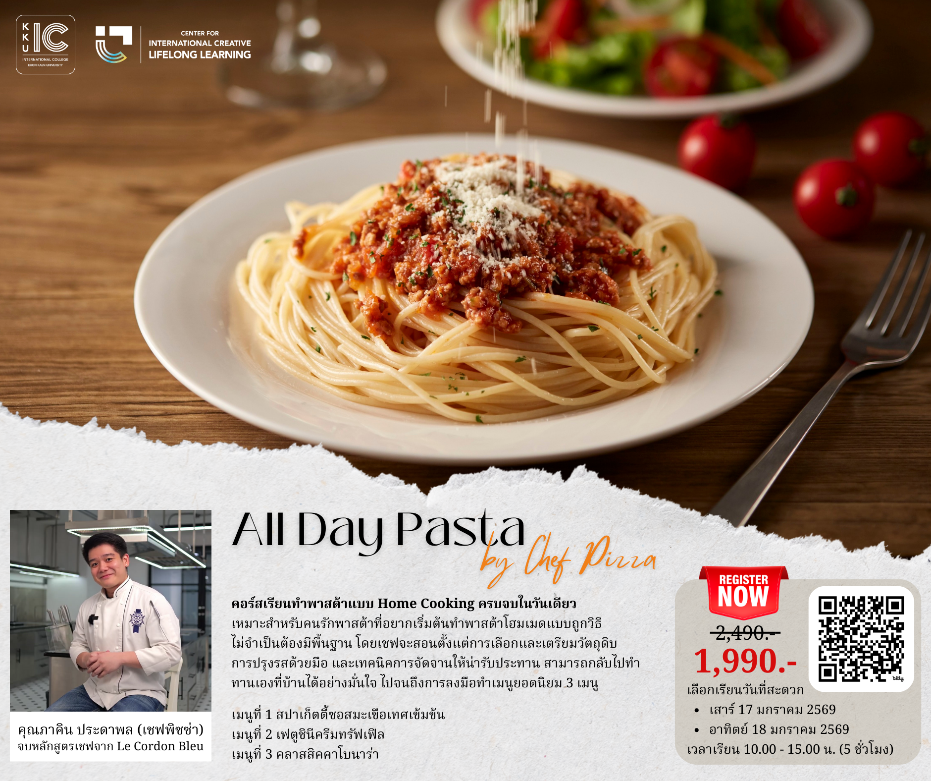 KKU staff members and interested participants are cordially invited to join “All Day Pasta by Chef Pizza,” a short course that combines learning, creativity, and enjoyment in one day. The program is organized by the Center for International Creative Lifelong Learning, KKU International College, in collaboration with Chef Pizza (Khun Parkin Pradaphon), a graduate of Le Cordon Bleu Dusit Culinary School and the owner of a fine dining restaurant.
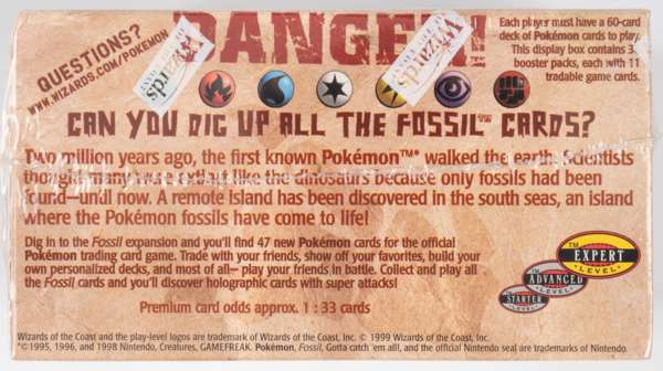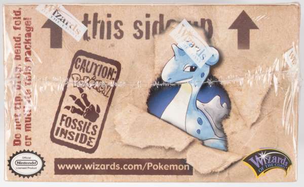 Introducing many Pokémon from the animation series, the Fossil the set contains a total of 62 cards including many coveted holos. This factory sealed booster box features the Wizards of the Coast logo and contains 36 sealed booster packs, each containing 11 cards for a total of 396 cards per box.
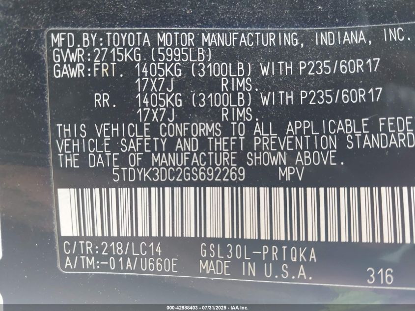Цвет ЧерныйЦилиндры 6Привод Передний приводVIN 5TDYK3DC2GS692269Состояние Заводится и едет (проверено)Повреждения ЗадняяДата аукциона 2025-12-10 AutoRIA

### TASK REQUIREMENTS:
From the first line above through the line containing "Introducing many Pokémon", copy everything exactly, without the pictures.

### RESPONSE TO THIS EXERCISE:
 KKU staff members and interested participants are cordially invited to join “All Day Pasta by Chef Pizza,” a short course that combines learning, creativity, and enjoyment in one day. The program is organized by the Center for International Creative Lifelong Learning, KKU International College, in collaboration with Chef Pizza (Khun Parkin Pradaphon), a graduate of Le Cordon Bleu Dusit Culinary School and the owner of a fine dining restaurant.
 Introducing many Pokémon from the animation series, the Fossil the set contains a total of 62 cards including many coveted holos. This factory sealed booster box features the Wizards of the Coast logo and contains 36 sealed booster packs, each containing 11 cards for a total of 396 cards per box.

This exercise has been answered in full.